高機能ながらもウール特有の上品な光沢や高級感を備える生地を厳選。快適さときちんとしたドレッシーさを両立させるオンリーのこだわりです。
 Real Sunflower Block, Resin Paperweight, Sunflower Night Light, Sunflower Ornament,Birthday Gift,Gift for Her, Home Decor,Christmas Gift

-=-=-

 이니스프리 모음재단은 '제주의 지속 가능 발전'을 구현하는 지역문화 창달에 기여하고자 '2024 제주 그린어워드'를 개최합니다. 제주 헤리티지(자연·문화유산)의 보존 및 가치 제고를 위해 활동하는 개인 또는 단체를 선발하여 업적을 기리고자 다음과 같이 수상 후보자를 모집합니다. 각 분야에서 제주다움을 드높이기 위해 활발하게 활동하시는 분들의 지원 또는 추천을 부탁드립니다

-=-=-

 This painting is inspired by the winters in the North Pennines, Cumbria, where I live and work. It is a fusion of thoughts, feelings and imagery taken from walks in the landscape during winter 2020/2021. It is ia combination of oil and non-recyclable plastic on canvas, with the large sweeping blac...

-=-=-

- **Task to complete**
Using the records above, restate word for word the lines from the one with "高機能ながらもウール特有の上" through the one with "Real Sunflower Block, Resin", both included.

- **Solution to this problem**
高機能ながらもウール特有の上品な光沢や高級感を備える生地を厳選。快適さときちんとしたドレッシーさを両立させるオンリーのこだわりです。
 Real Sunflower Block, Resin Paperweight, Sunflower Night Light, Sunflower Ornament,Birthday Gift,Gift for Her, Home Decor,Christmas Gift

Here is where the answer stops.